Vim and Emacs ideas, rebuilt around AI

An AI-native modal editor for the terminal.

CodeClaws takes the durable ideas behind Vim and Emacs — modes, buffers, leader keys, panes, programmable commands — runs locally by default, or via any OpenAI-compatible API, and gives the AI the same live context you have: editor, shell, git, tests, traces, and project rules.

Editing
Modal buffers and leader keys
System
Programmable terminal UI
AI
Session-aware command layer
Animated CodeClaws demo showing a modal buffer, leader-key AI commands, a failed shell test, a CodeClaw fix proposal, and a saved trace.

Get qe

Install on macOS or Linux.

Prebuilt v0.1.1 packages ship the editor binary and Rust sidecar. You still need Node.js 22+ on your PATH. Supported: macOS (Apple Silicon and Intel) and Linux x86_64.

Homebrew

macOSLinux

Tap kroq86/qe and install the formula.

brew tap kroq86/qe
brew install qe

Install script

macOSLinux

Downloads the release tarball for your OS/arch into /usr/local by default.

curl -fsSL https://raw.githubusercontent.com/kroq86/ide/main/install.sh | sh

Custom prefix: sh -s -- --prefix ~/.local (pipe the script into sh).

APT

DebianUbuntu

.deb packages are published to the GitHub Pages apt repo on each stable release.

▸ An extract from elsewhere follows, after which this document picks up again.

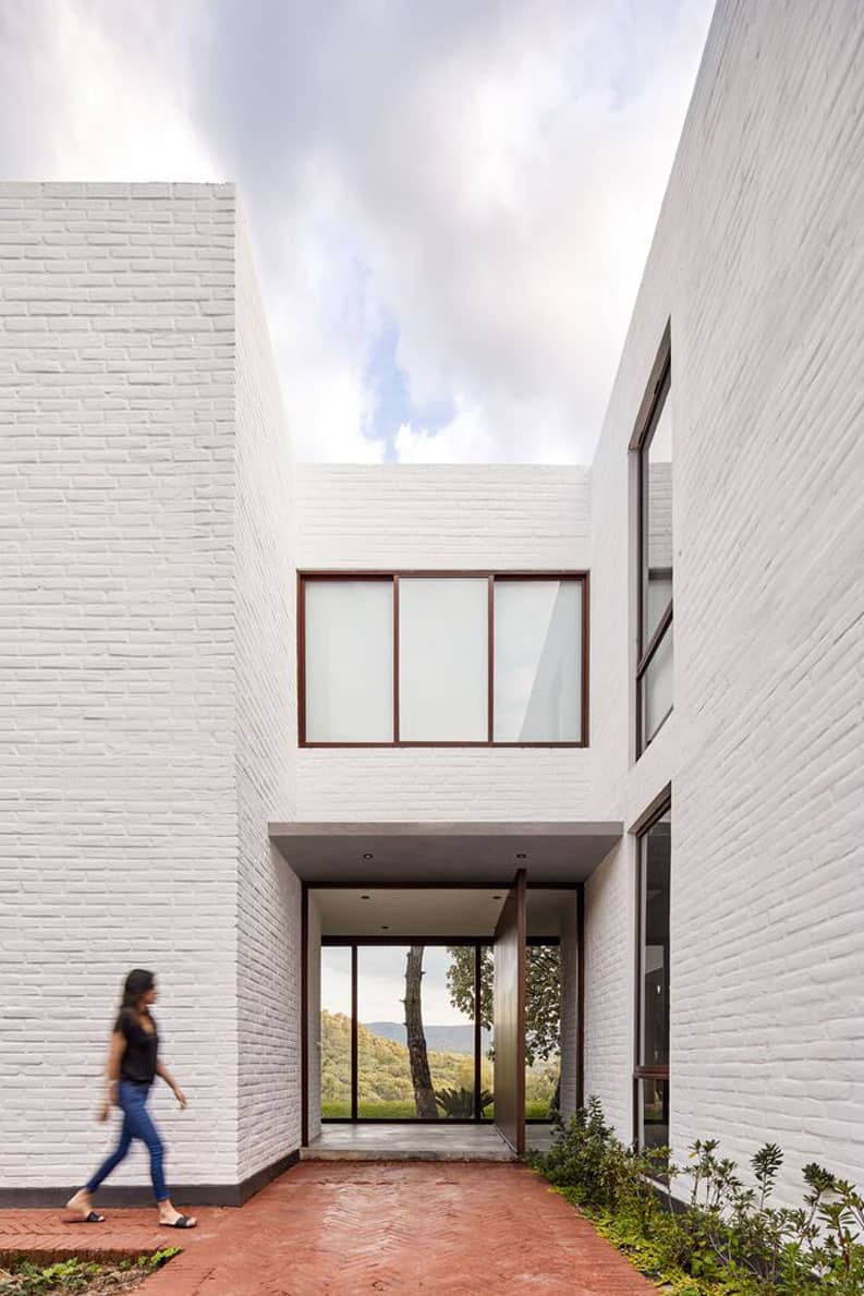 Una geometría buscando adaptarse a su entorno, una fachada principal con pocas ventanas. Para que al entrar a Casa pinar se pudiera apreciar un ventanal de lado a lado que permite la vista clara hacia el bosque de la primavera.

echo "deb [trusted=yes] https://kroq86.github.io/ide/ stable main" | sudo tee /etc/apt/sources.list.d/qe.list
sudo apt update
sudo apt install qe

From source

macOSLinux

Clone, build, and link the CLI — same path as contributors running the demo fixture.

git clone https://github.com/kroq86/ide.git
cd ide
npm install
npm run build
npm link
qe README.md

After install, run qe path/to/file. See the demo walkthrough or the v0.1.1 release assets.

Live path

Run the real demo fixture.

After installing qe, or from a dev checkout below: open a buffer, use leader keys, run a failing command, ask the AI command layer for a fix, and inspect the written trace.

npm --prefix app install
npm run build:native
bash scripts/dev.sh examples/broken-counter/src/counter.ts
CodeClaws animated demo loop from failed test to AI fix proposal and trace.
Contributor demo: modal buffer, leader command, failed test, AI proposal, verifier pass, trace saved.
01

Open shell

Press SPC t t and run the failing fixture test.

02

Ask CodeClaw

Press SPC a f to generate a fix from the last failed shell run. (CodeClaw is the AI fix layer built into CodeClaws.)

03

Inspect trace

Press SPC a t to review the summarized trace written under .codeclaw/.

The idea

Vim gave us modal control. Emacs gave us a programmable environment. CodeClaws adds session-aware AI.

Modal by default

Normal, insert, visual, command, and search modes make editing deliberate and fast in the terminal.

Programmable like Emacs

Commands, panels, shell runs, git state, and AI flows are composable pieces of one environment.

Session context

The assistant sees current buffer, shell failures, output tails, git diff, and project rules.

Verifiable AI

CodeClaw — the editor's AI fix layer — produces bounded proposals and trace files instead of silent repository rewrites.

Multi-provider

Switch between local Ollama models and cloud APIs (OpenAI, Groq) at runtime with SPC a m.

Contributor entry points

Small tasks that make the project easier to join.

The best first contributions make the editor feel more like the AI version of Vim/Emacs: stronger motions, better command discovery, cleaner panes, reliable traces, and a demo people can trust.

Docs

Record the broken-counter demo

Add a short terminal recording or screenshots showing the failing test, CodeClaw proposal, and trace viewer.

Test

Expand protocol smoke coverage

Add a focused test for snapshot edits, cursor movement, and the native sidecar fallback path.

UI

Improve command discovery

Polish which-key, command palette, and mode feedback so new users can learn the system by doing.

AI

Add example project rules

Create a small .codeclaw/ fixture with verifier rules and expected trace output.

Roadmap

Build the AI-native line from Vim and Emacs.

  1. Now

    Make the core loop sharp

    Modal editing, leader keys, shell failure capture, CodeClaw fix, and trace viewing should feel immediate.

  2. Next

    Complete the editing layer

    Motions, selections, multi-buffer, command palette, git UI, shell panes, and project navigation.

  3. Later

    AI as a first-class substrate

    Make the existing AI layer composable and extensible: programmable rules, agent memory, verification hooks, and inspectable traces across providers.